**** AVAILABLE DATA
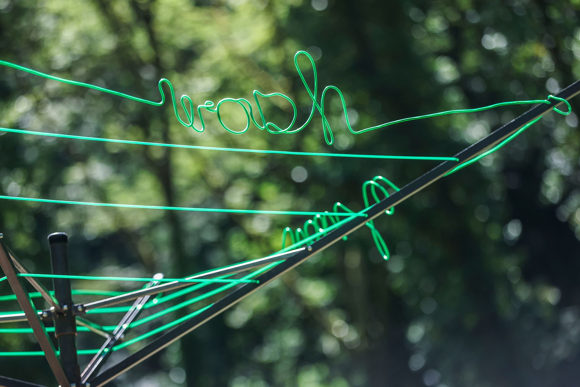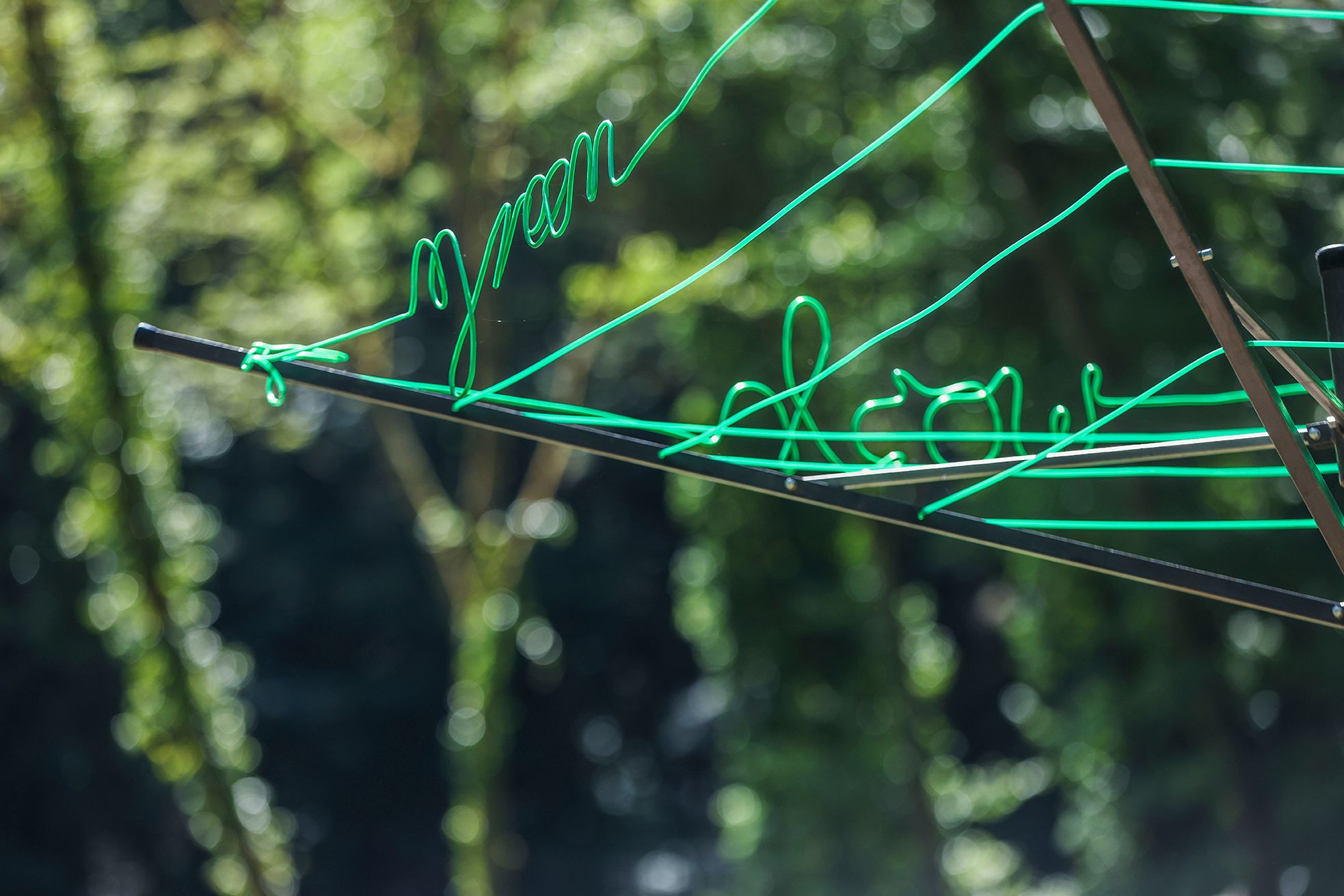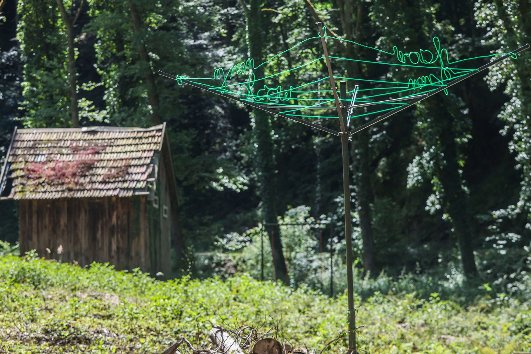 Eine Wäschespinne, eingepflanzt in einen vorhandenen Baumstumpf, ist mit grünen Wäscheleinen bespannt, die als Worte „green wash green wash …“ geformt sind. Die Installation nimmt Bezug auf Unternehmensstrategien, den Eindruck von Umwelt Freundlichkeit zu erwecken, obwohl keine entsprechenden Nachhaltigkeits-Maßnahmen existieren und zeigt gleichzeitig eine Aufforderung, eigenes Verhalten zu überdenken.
********
**** AVAILABLE DATA
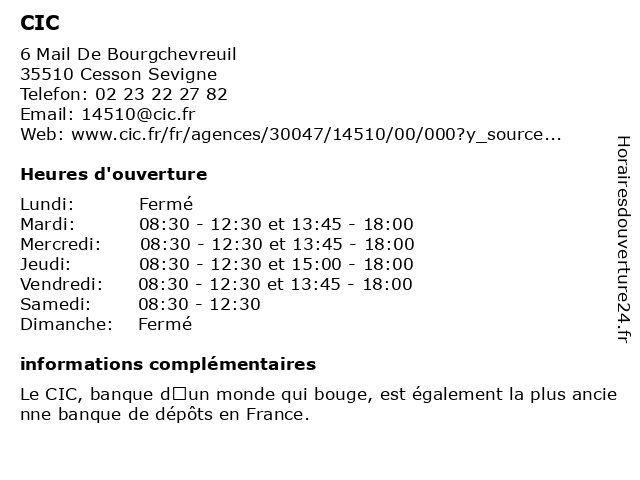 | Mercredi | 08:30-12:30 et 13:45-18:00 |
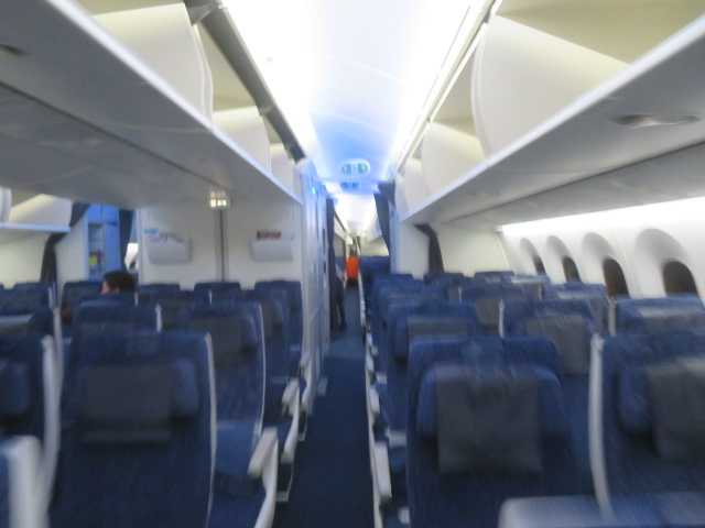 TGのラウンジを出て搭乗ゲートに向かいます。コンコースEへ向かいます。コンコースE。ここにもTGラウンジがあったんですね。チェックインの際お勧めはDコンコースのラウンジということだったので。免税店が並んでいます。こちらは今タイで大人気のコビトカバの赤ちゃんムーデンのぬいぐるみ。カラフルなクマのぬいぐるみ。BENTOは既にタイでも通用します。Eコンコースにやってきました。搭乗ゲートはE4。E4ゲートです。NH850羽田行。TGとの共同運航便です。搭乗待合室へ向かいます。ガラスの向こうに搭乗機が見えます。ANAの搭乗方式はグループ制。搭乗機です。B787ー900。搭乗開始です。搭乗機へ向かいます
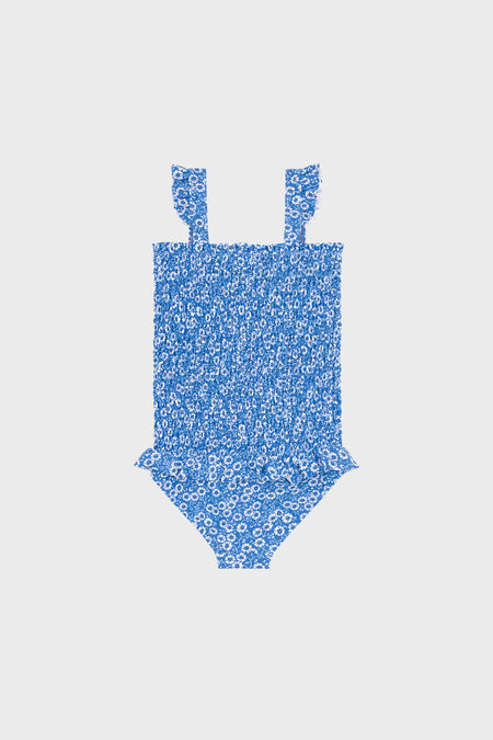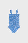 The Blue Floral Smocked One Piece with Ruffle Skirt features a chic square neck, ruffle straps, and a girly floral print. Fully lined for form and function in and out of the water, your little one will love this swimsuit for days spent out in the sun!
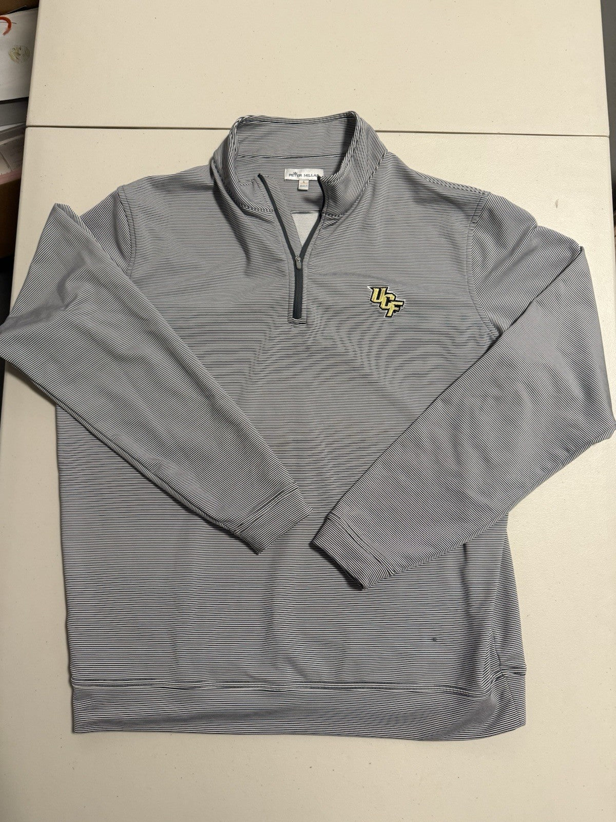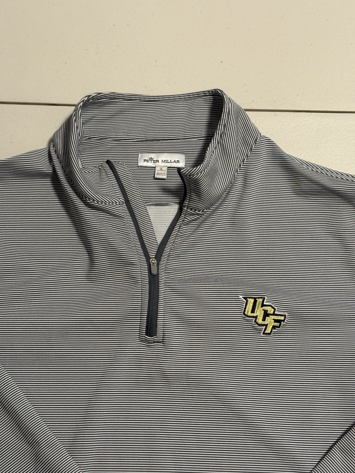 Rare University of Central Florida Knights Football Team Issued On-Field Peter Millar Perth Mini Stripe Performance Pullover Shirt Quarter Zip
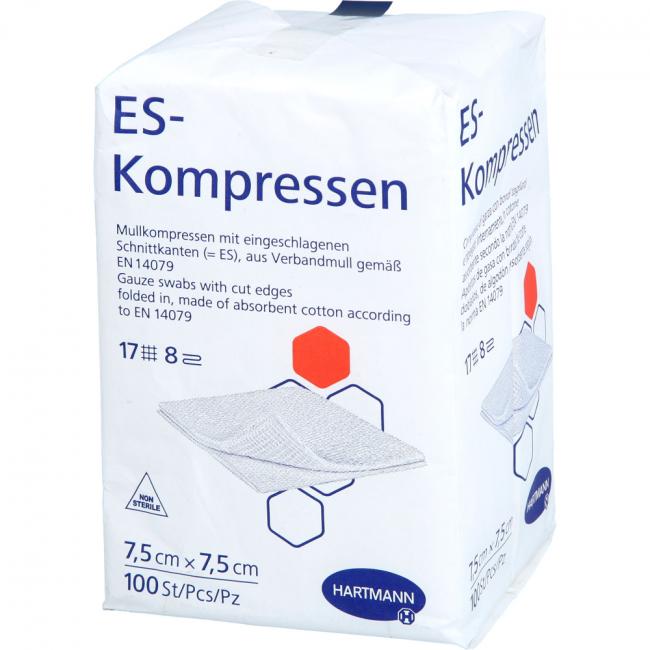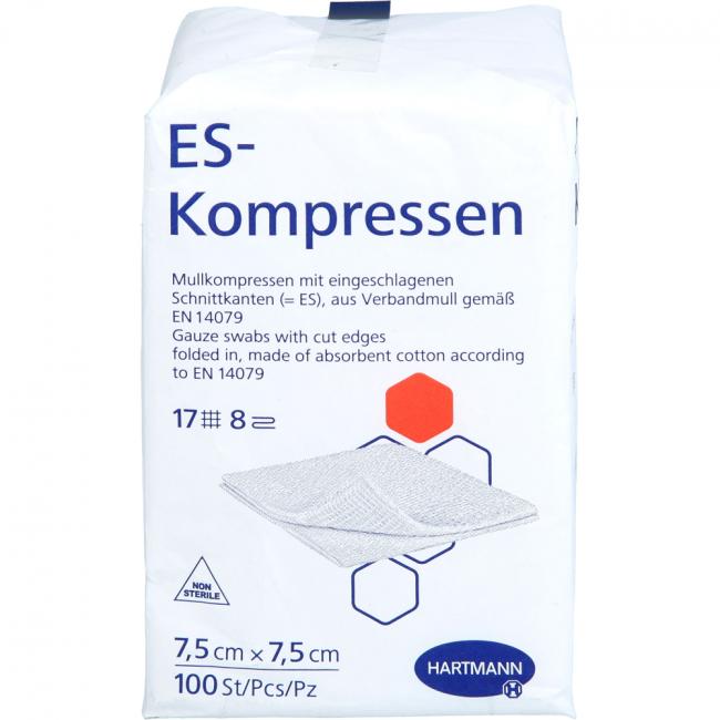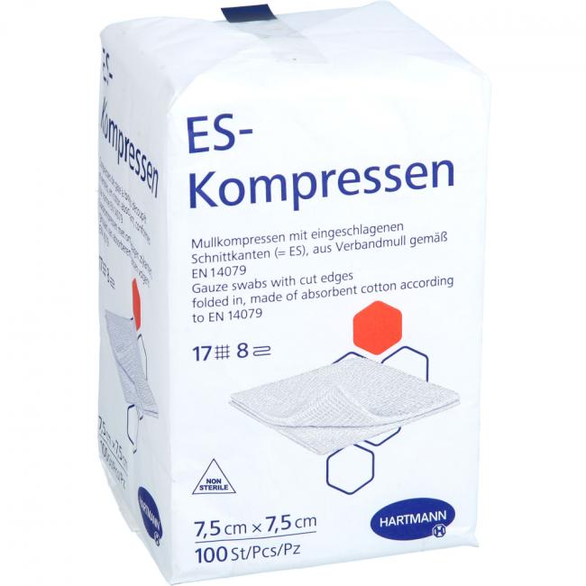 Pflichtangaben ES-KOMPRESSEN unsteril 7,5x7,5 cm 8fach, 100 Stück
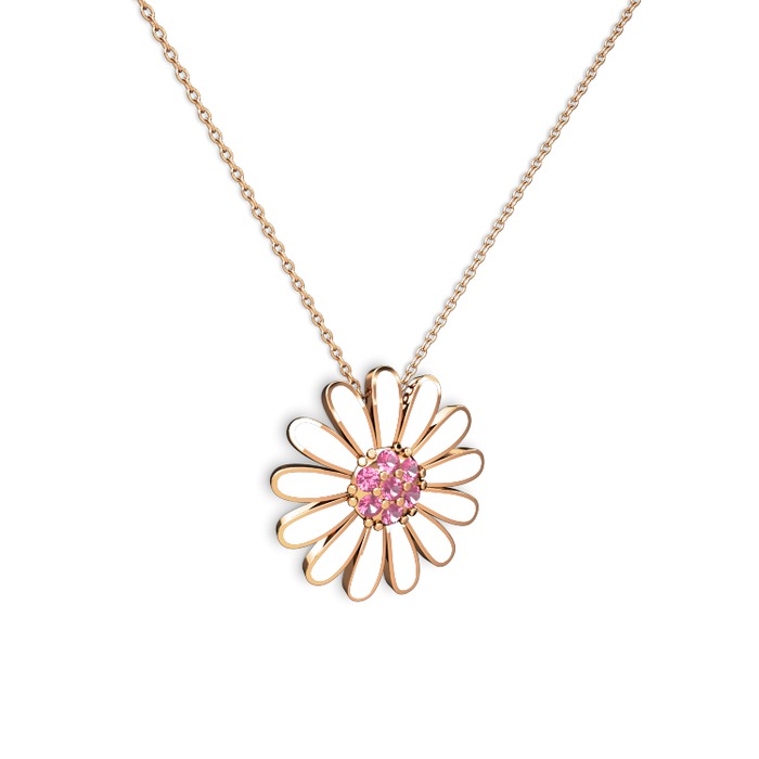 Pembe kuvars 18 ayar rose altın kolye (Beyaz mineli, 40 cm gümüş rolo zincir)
********
WHAT YOU NEED TO DO.
What you return from the records above should be exactly everything from the line with "Rare University of" down to the line with "Pembe kuvars 18", both kept, and no pictures.

EXPECTED ANSWER.
 Rare University of Central Florida Knights Football Team Issued On-Field Peter Millar Perth Mini Stripe Performance Pullover Shirt Quarter Zip
 Pflichtangaben ES-KOMPRESSEN unsteril 7,5x7,5 cm 8fach, 100 Stück
 Pembe kuvars 18 ayar rose altın kolye (Beyaz mineli, 40 cm gümüş rolo zincir)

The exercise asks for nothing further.